Я взял ее мешок, как взяла она мой двадцать лет назад, и мы пошли, одинокие в своей пешей ходьбе…
— О второй жизни, Витенька, нечего загадывать, — вспомнила Нюра наш утренний разговор, когда мы оказались на том самом месте, где я торговал вторыми жизнями. — А первую проживем. А? Проживем?
— Проживем, Нюра, — отвечаю. — Может, еще что-то исправим. На вторую жизнь, и правда, надежды мало.
Я действительно почувствовал, что второй, чистовой жизни не будет. Почувствовал именно сейчас. До этого дня было другое…

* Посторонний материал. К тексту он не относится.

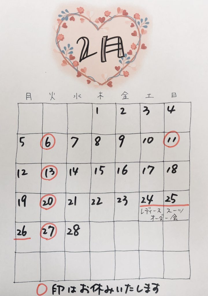 当店、基本的には日曜日がお休みなんですが、今津小学校の制服の採寸受注が始まるので、2月(3月も?)は、11日以外の、4・18・25の日曜日は営業することに決めました。代わりに6・13・20・27の火曜日にお休みします。カレンダーにすると、こんな具合です。

Была вина перед родиной, неясная, аморфная, о которой мог только говорить, а что с нею делать — не знал. И ехал-то я сюда, в свое Сухожнивье, не из-за вины своей перед ним и совсем не за тем, чтобы искупить ее. Ехал, чтобы на родной печке отогреться, то есть еще позадолжать. Кто-то должен был топить ее, а я — греться. Чем же я, в таком случае, отличаюсь от Гришки-калюхи? Только тем, что он уезжает, выстудив печь, греться в другое место, а я приехал, в надежде на тепло. Только в этом.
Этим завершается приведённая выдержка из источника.